| What to produce |
Transcribe each line of the material as it is, and drop any picture.
Segment Start: Data
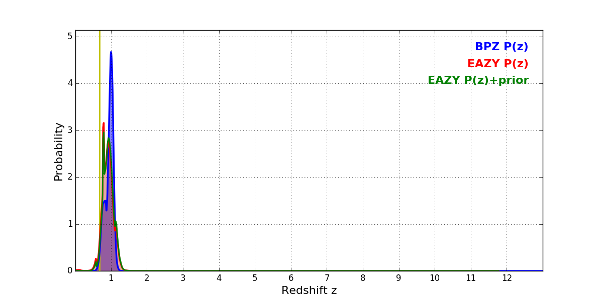 In P(z) plots: Yellow lines mark the cluster redshift z = 0.677,
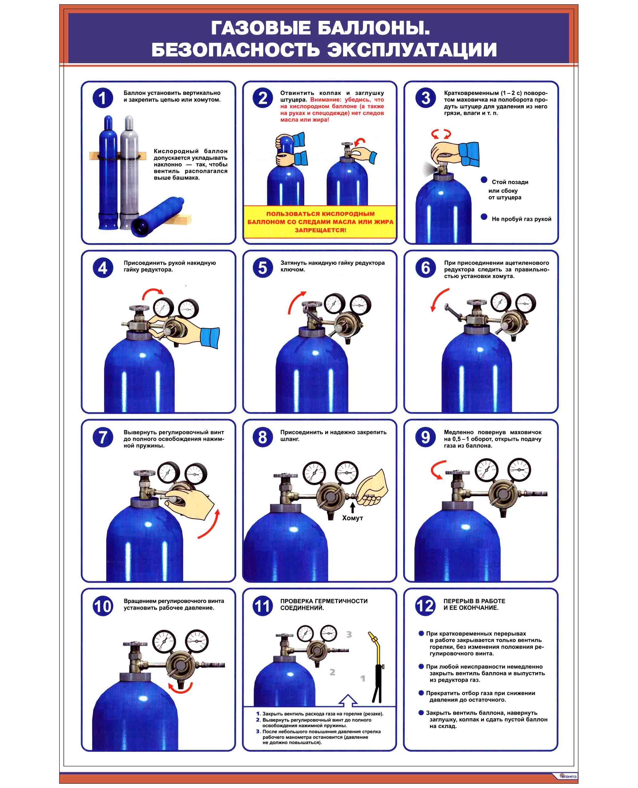 Плакат: Газовые баллоны. Безопасность эксплуатации (600 х 900 мм, ламинированный, с пластиковым профилем и стальным крючком)
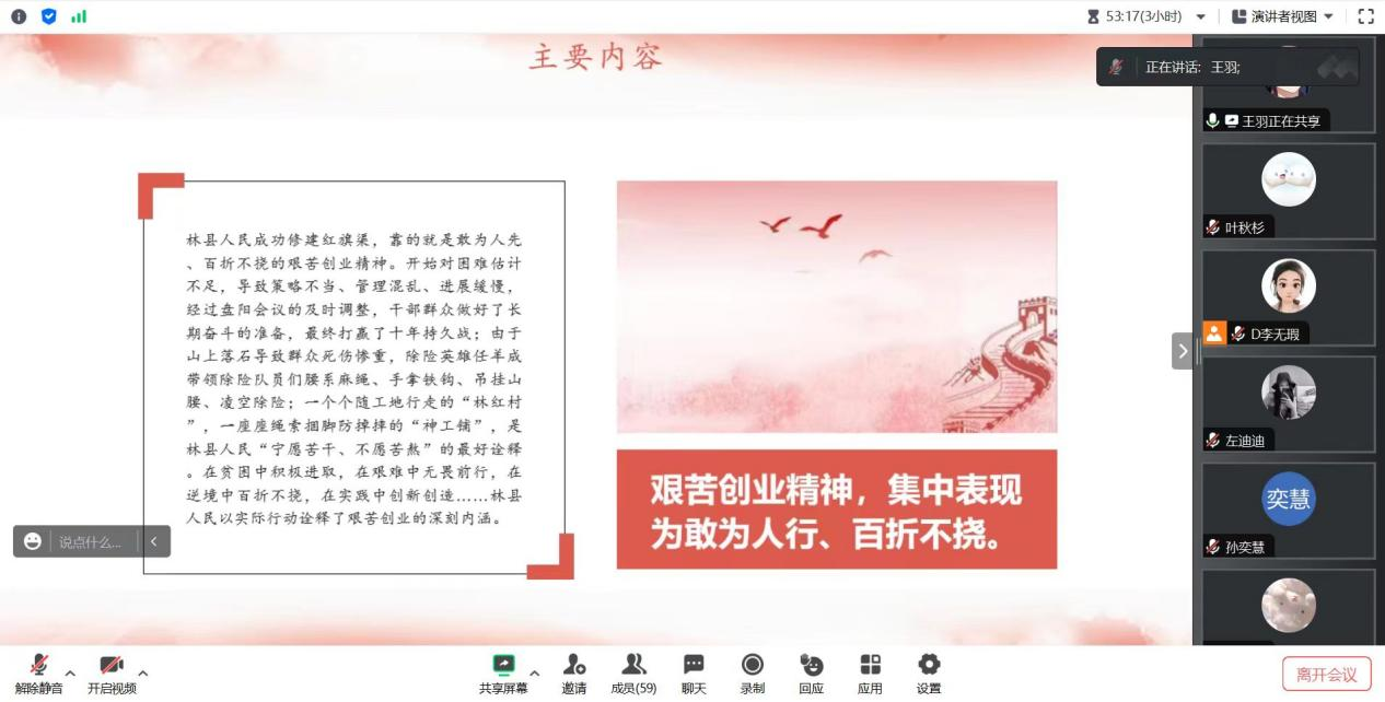 中国人民公安大学申雅心、叶林同志,法学专业员工党支部王羽、叶秋杉同志分别对她们理解的红旗渠精神进行了分享。申雅心和叶林同学通过一则视频,带领同学们感受青年建渠英模吴祖太的时代精神,强调新时代青年要传承红旗渠精神;王羽和叶秋杉同学先讲述了红旗渠的历史渊源,介绍了修建红旗渠的过程,点明红旗渠对当地人民的生产生活质量发挥着不可磨灭的作用;随后两位同学还谈了自己的学习感悟,鼓励大家深度挖掘红旗渠精神的深刻内涵和时代价值,砥砺奋斗,成长为社会主义合格建设者和接班人。
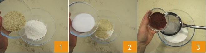 Para preparar los mostaccioli napolitanos comiencen vertiendo en un recipiente la harina, el granillo de almendra 1 y el azúcar 2. Luego tamicen el cacao amargo en polvo 3,
Segment End: Data
| Problem solution |
 In P(z) plots: Yellow lines mark the cluster redshift z = 0.677,
 Плакат: Газовые баллоны. Безопасность эксплуатации (600 х 900 мм, ламинированный, с пластиковым профилем и стальным крючком)
 中国人民公安大学申雅心、叶林同志,法学专业员工党支部王羽、叶秋杉同志分别对她们理解的红旗渠精神进行了分享。申雅心和叶林同学通过一则视频,带领同学们感受青年建渠英模吴祖太的时代精神,强调新时代青年要传承红旗渠精神;王羽和叶秋杉同学先讲述了红旗渠的历史渊源,介绍了修建红旗渠的过程,点明红旗渠对当地人民的生产生活质量发挥着不可磨灭的作用;随后两位同学还谈了自己的学习感悟,鼓励大家深度挖掘红旗渠精神的深刻内涵和时代价值,砥砺奋斗,成长为社会主义合格建设者和接班人。
 Para preparar los mostaccioli napolitanos comiencen vertiendo en un recipiente la harina, el granillo de almendra 1 y el azúcar 2. Luego tamicen el cacao amargo en polvo 3,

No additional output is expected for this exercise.